Please do not get me wrong, I am a technophile. I love technology for what it allows me to do and experience and enjoy. But I am continually amused and annoyed at how often, especially in marketing and advertising, technology is purchased and procured without either considering the real benefit or doing the work to achieve the desired outcome.
Collaboration technology is all the rage at the moment, due to remote working practices to ensure social distancing. Take the current situation, where with the increased use of collaboration platforms like Zoom and Microsoft Teams, everyone is posting screen grabs of a multitude of faces from today’s Zoom meeting. One agency head was bragging to me that since they have implemented work from home, they have a daily all-agency Zoom meeting every lunchtime. Why? They have a daily quiz to maintain staff morale. Just like a one hour, daily, all staff meeting for 140 people. Wonder what code on the timesheet that gets?
Just because technology allows you to do something it does not mean you should. Think about what it is you want to achieve and how the technology can be best deployed to achieve that task.
But it is not all just remote chit-chatting. Marketing automation is driving me crazy. At a time when international flights are virtually non-existent and domestic flights are going the same way, I am still getting my points update from the various airline loyalty programs to maximise or redeem my points. Thanks, but no thanks. While the holiday destination resorts are bombarding me with offers to book 7-nights and get 40%. But at the moment, if I go, ‘I’ll need 14-nights of quarantine’, does that mean I get 80% off? Please turn off your automated marketing because you are really cheesing us off.
Automation technology is not set and forget. Remember that while this technology can make life easier and more productive for you, there are customers at the end of that process. You should be using this to engage them, not piss them off.
Back to the agency world, and we recently completed a round of meetings in a pitch process we are managing, largely by remote video conferencing, again due to the requirement of social distancing to help flatten the infection curve.
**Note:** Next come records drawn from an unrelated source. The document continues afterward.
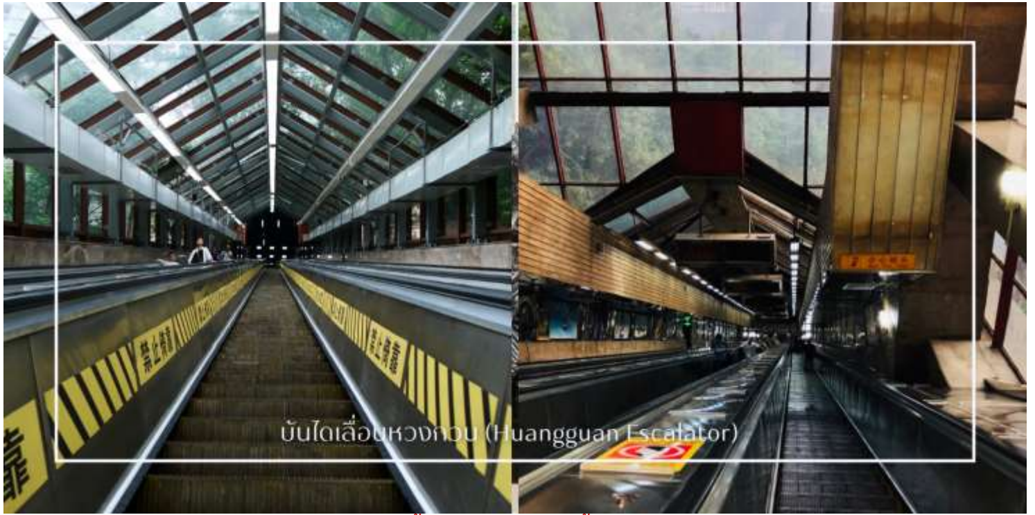
บันไดเลื่อนหวงกวน (Huangguan Escalator)

เที่ยง บริการอาหารเที่ยง ณ ภัตตาคาร (มื้อที่8) เมนูพิเศษ : สุกี้หม่าล่า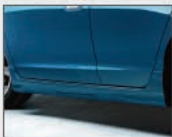
03 Jupes latérales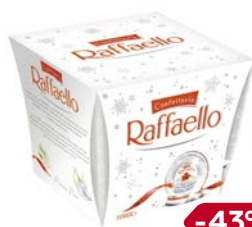
Конфеты РАФФАЭЛЛО , 150 г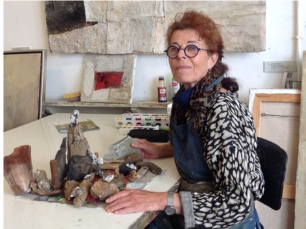
Aan het werk, 2020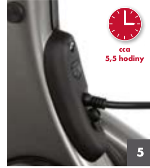
5 Nabíjení je dokončeno, když se kontrolka nabíječky rozsvítí zeleně a všech deset LED segmentů na panelu bliká (viz krok 2: C).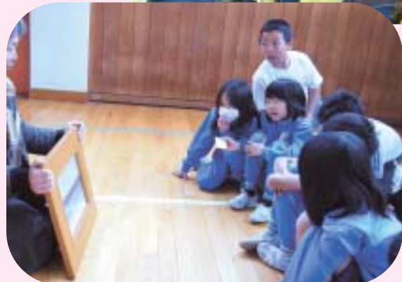
▲視覚障害者疑似体験 (和小学校)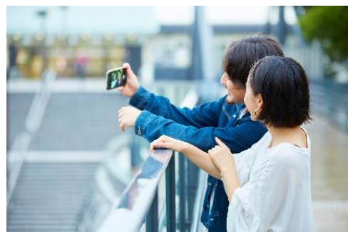
【フォトウォーキングイメージ】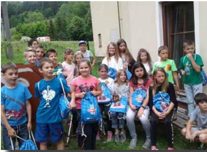
Mili on Tour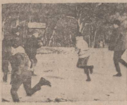
BAIGIASI ZIEMA IR JOS MALONUMAI iš sniego kautynių iškyloje.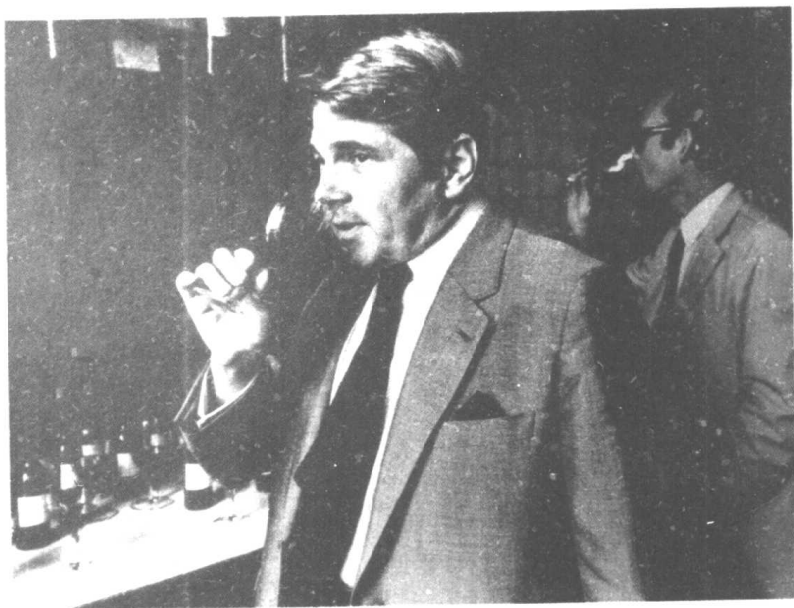
嘴在忙着,眼睛、手也没闲着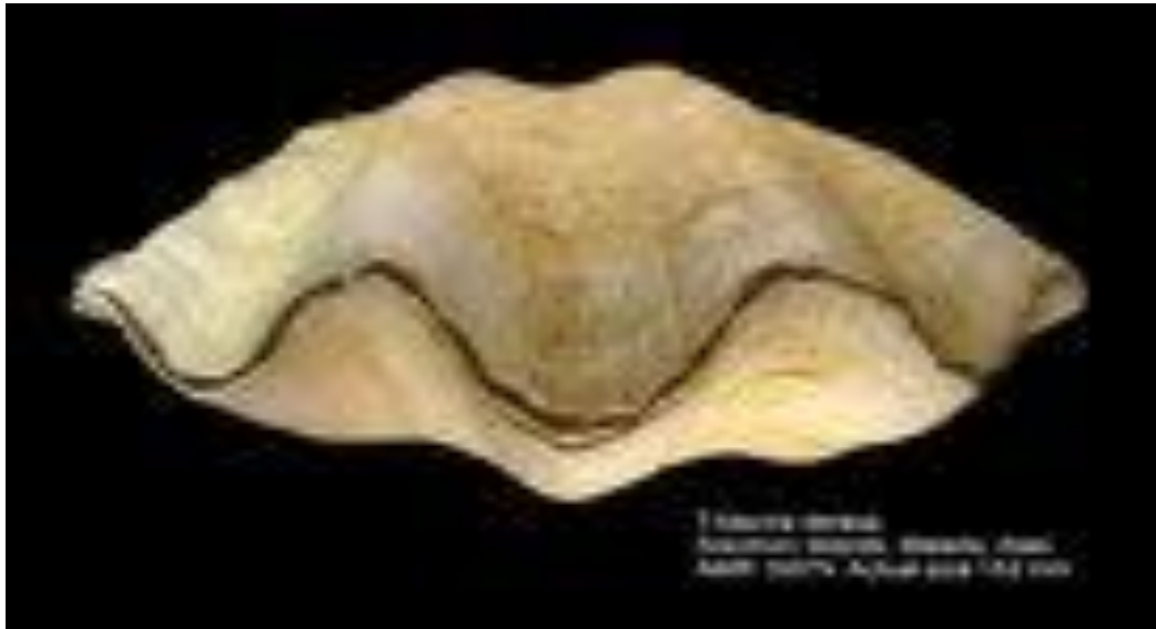
Gambar.3. kerang kima Tridacna derasa

But the problem is the agencies (and even the clients) are using these platforms with as little thought as they would use sending an email or making a phone call. Neal Moore, a friend and colleague at Moore’s Law would have cringed to see the way the agencies set up their Zoom conferences. From whole rooms full of people, with most of the frame filled with ceiling and back wall, to individual screens looking up people’s noses or framed so we can see the kitchen in the background, or the creative director who probably had forgotten he was still on screen (this is why there is a video off button) and the agency that left the whole meeting in presenter mode so that their team was reduced to tiny postage stamps.
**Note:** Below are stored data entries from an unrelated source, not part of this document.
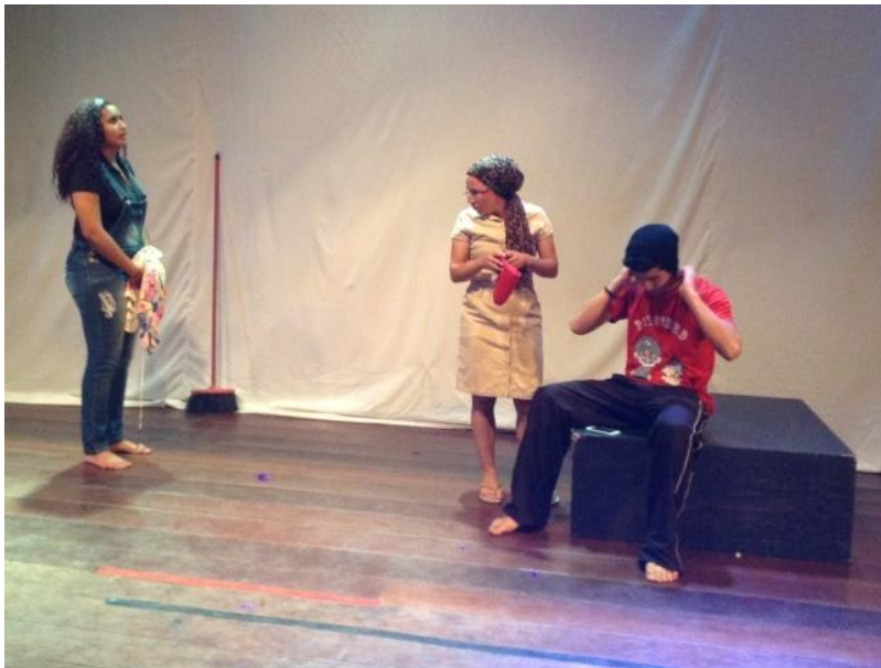
Personagens Nina , Mãe e Gustavo em ensaio do espetáculo Dispa-se

Já o aluno que deu vida à personagem Gustavo apresentou uma situação semelhante, mas destacou o quanto se aproveitava do seu gênero para ter tudo o que quisesse dentro de casa: de um copo d'água à cama arrumada. Ele frisou que foi educado, junto à irmã, de forma machista por sua mãe, que sempre reforçou a ideia de que existem tarefas domésticas que são exclusivamente femininas. Para esse aluno, isso contribuía para que ele tivesse mais liberdade que a irmã para ir a festas, sair com amigos e namorar.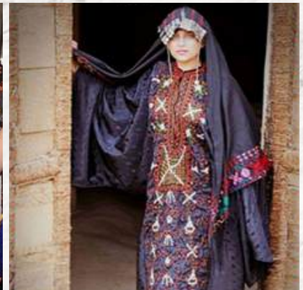
نماذج من تراث الضفة الغربية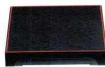
11 1-241-6 A 尺1寸長手御膳千筋松花堂 黒天朱(仕切別) ¥2,850 (31.3×26×7) 梱20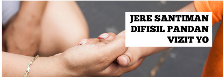
KONSÈY PARAN KI TE NAN SISTÈM BYENNÈT TIMOUN NAN POU PARAN KI NAN SISTÈM NAN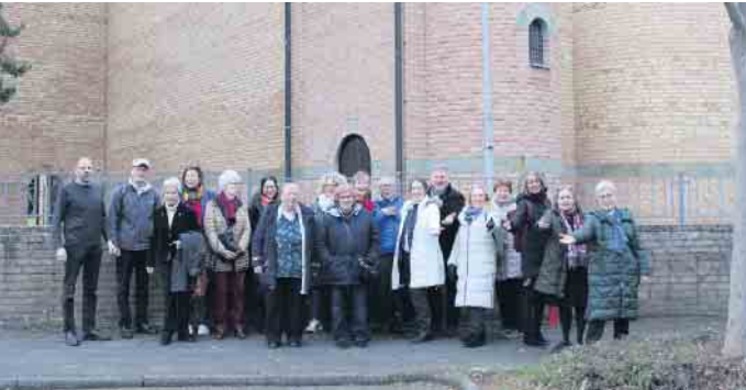
Der Ittenbach / Operpleiser Kirchenchor auf Chorausflug.

If you are using technology, make sure you understand how best to use it. It is not enough to simply turn up and turn it on. Think about how the technology works, not just for you but for the user on the other side you are trying to engage and influence.
Marketing technology transformation is not just a to-do check-list. Too often marketing and advertising technology (known as AdTech and MarTech) is procured and deployed not because it is needed but because it is somehow mandated as part of the transformation process. A very excited CMO contacted me to say they had just signed a deal for one of the more popular marketing technology platforms. He was calling to see if we had any recommendation on how he could structure his team to make it work. Before you laugh, we recently finished a MarTech audit with a major client, who has almost every platform known. Tick, tick tick. But when we asked the marketing team how the technology improved their performance? Fail.
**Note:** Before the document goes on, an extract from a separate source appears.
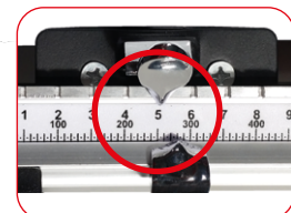
Asta serigrafata ben leggibile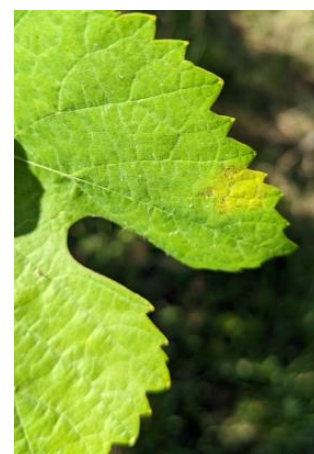
Tache non sporulante

The marketer with the most technology is not the winner. The one who uses the technology they have to deliver exception results wins. The biggest mistake you can make is suffering FOMO when it comes to MarTech, because you play straight into the hands of the salespeople. And don’t skimp on the training and implementation.
The biggest challenge for marketers is understanding that technology transformation starts with strategy (purpose), focuses on capabilities (people) and transforms ways of working (process) to deliver the outcome desired (performance). And not with the technology itself.
Darren Woolley is the founder and CEO of marketing consultancy TrinityP3.